Wawa revealed to its customers that a data security breach has impacted all of their store locations. The post was written by CEO Chris Gheysens, who apologized to customers and reassured them that the customers will not be responsible for any fraudulent charges on their payment cards.
Based on our investigation to date, we understand that at different points in time after March 4, 2019, malware began running on in-store payment processing systems at potentially all Wawa locations. Although the dates may vary and some Wawa locations may not have been affected at all, this malware was present in most store systems by approximately April 22, 2019. Our information security team identified this malware on December 10, 2019, and by December 12, 2019, they had blocked and contained this malware.
The data breach included credit cards and debit card numbers, expiration dates, and cardholder names on payment cards used at potentially all Wawa in-store payment terminals and fuel dispensers at different points in time after March 4, 2019, and ending on December 12, 2019.

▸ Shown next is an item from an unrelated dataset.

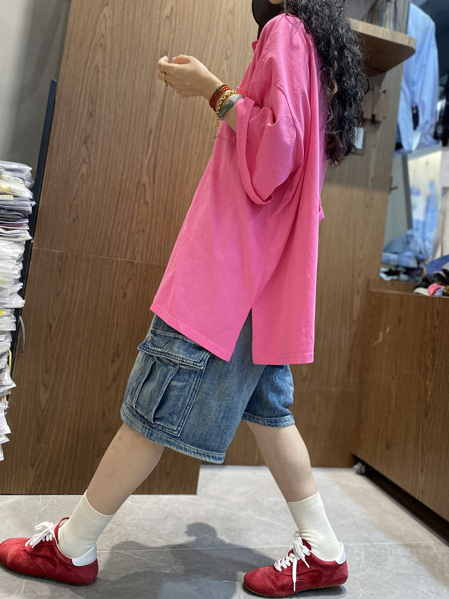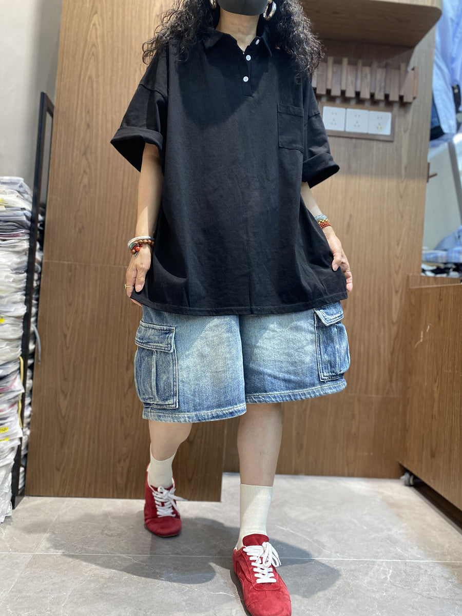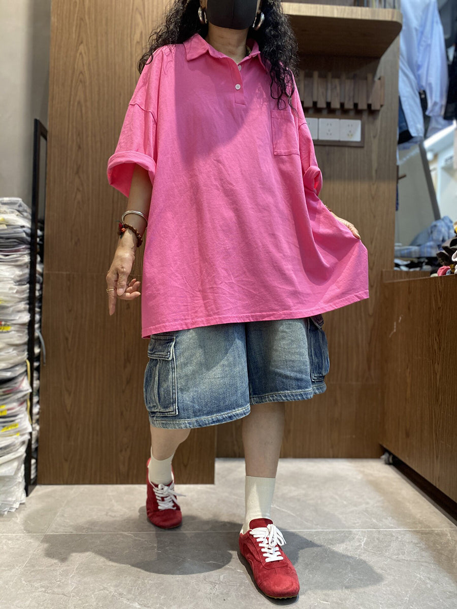Women Summer Casual Pure Color Cotton Polo Shirt

CEO Chris Gheysens says that no other personal information was affected by this malware. Debit card PIN numbers, credit card CW2 numbers, other PIN numbers, and driver’s license information used to verify age-restricted purchases were not affected by this malware.
As is typical after a company realizes a data breach has occurred, Wawa has information in its website for those who have been affected by the breach. It includes the usual advice one would expect. Wawa is offering free credit monitoring and identify theft protection to customers affected by the breach.
The Verge notes that CEO Chris Gheysens “doesn’t begin to suggest how the malware got there or who might have been trying to get customers’ payment information.”
It is too bad that Wawa failed to notice the malware until very recently. The unfortunate result is that Wawa customers now have to worry about whether their credit card information is secure while trying to finish buying gifts for loved ones during the holiday season.